ERKReg is the first and largest Europe-wide registry for all rare kidney diseases.
ERKReg collects prospective information from all patients with rare kidney diseases within the network who agree to have their de-identified data recorded.
The registry helps clinicians, researchers and pharmaceutical industry to generate more knowledge about rare kidney diseases and focus their research and drug development to improve the quality of life of our patients. The registry also aims to help patient organizations, health authorities and policy makers in optimizing the support for patients with rare kidney disorders.
ERKReg is currently receiving patient data from more than 70 hospitals in 24 countries.
The ERKReg registry collects data from 24 countries and allows to analyse the frequency and characteristics of more than 300 rare kidney diseases in different regions of Europe.
Natural Disease History
Patient information is collected once a year by the medical teams to follow the clinical course over time. This will help to identify risk factors for complications and disease progression.

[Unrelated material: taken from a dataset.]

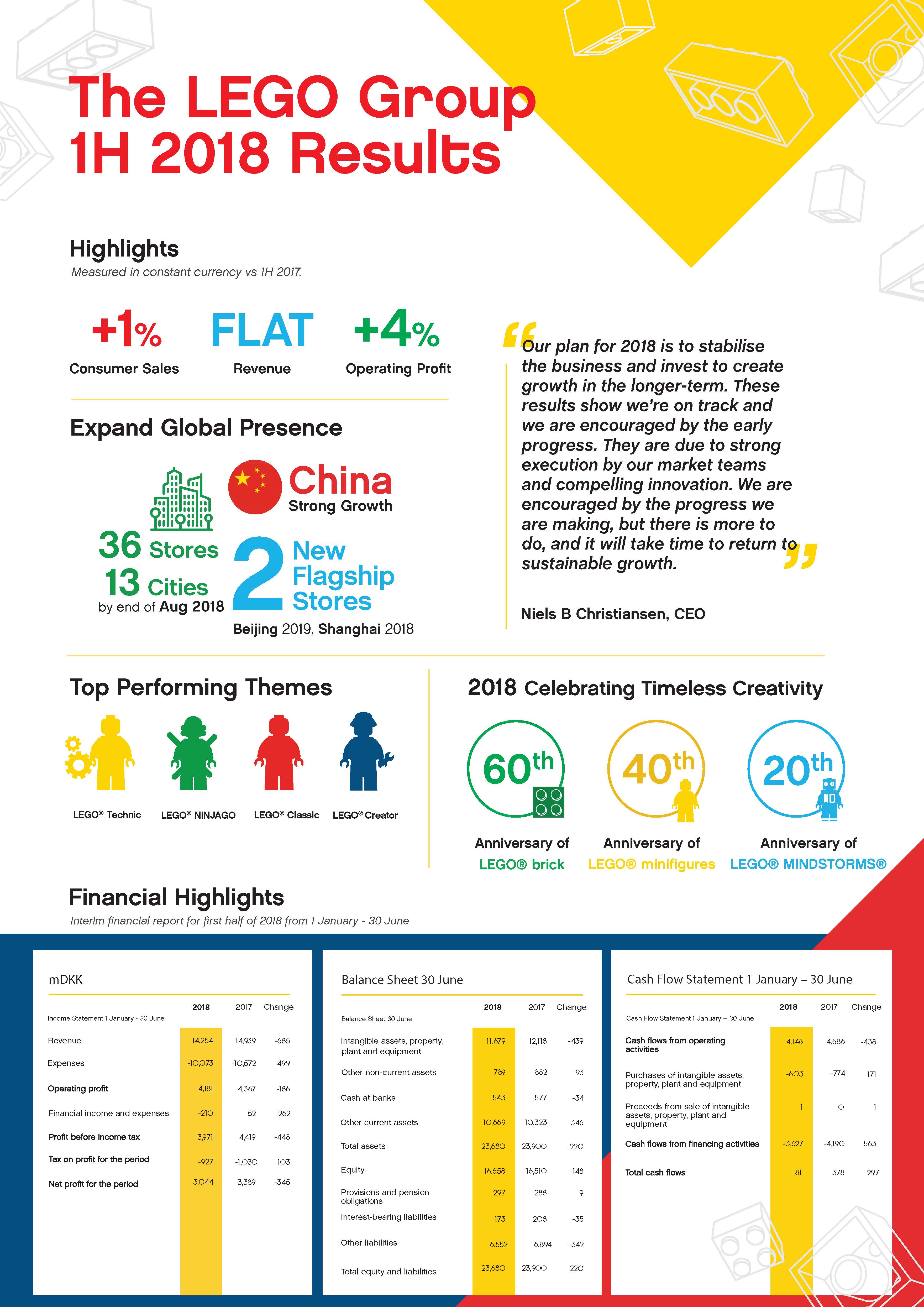 Der operative Gewinn belief sich auf 4,2 Milliarden Dänische Kronen, verglichen mit 4,4 Milliarden Dänischen Kronen im Jahr2017 – dies entspricht einem Rückgang von vier Prozent. Ursache für den Rückgang war der schwächere US-Dollar. Die LEGO Gruppe arbeitet weiterhin am Aufbau eines starken Fundaments für nachhaltiges Wachstum und investiert Einsparungen aus Umstrukturierungen in Produkt- und Erlebnisinnovation und den Ausbau von Channels. Die LEGO Gruppe expandiert zudem weiterhin in strategischen Märkten und wird innerhalb des nächsten Jahres zwei neue Flagship-Stores in China eröffnen: einen in Shanghai im September 2018 und einen zweiten in Peking Anfang 2019. Auch die Partnerschaft mit Tencent, einem der größten Internetunternehmen Chinas, soll weiter ausgebaut werden. Nach der erfolgreichen Einführung des Videokanals im Mai ist für die zweite Hälfte 2018 ein Spiel geplant.

ERKReg data facilitates multicentre research projects to explore novel treatment strategies and new drugs that can improve the patient’s wellbeing and quality of life.
The registry allows to find patients with a particular disease for which a new treatment is being developed. The registry team brokers the matching of patients with upcoming clinical trial opportunities.
In this way, the registry supports the rapid access of our patients to new therapies.
The expert centres participating in ERKReg continuously follow the performance of their patient management according to key quality indicators of diagnostic and therapeutic interventions.
ERKReg provides performance statistics for each centre and the entire registry. This allows the centres to compare the quality of their management with that of the overall ERKNet community.
In this way, we support the excellence and continuous improvement of care in all ERKNet centres throughout Europe.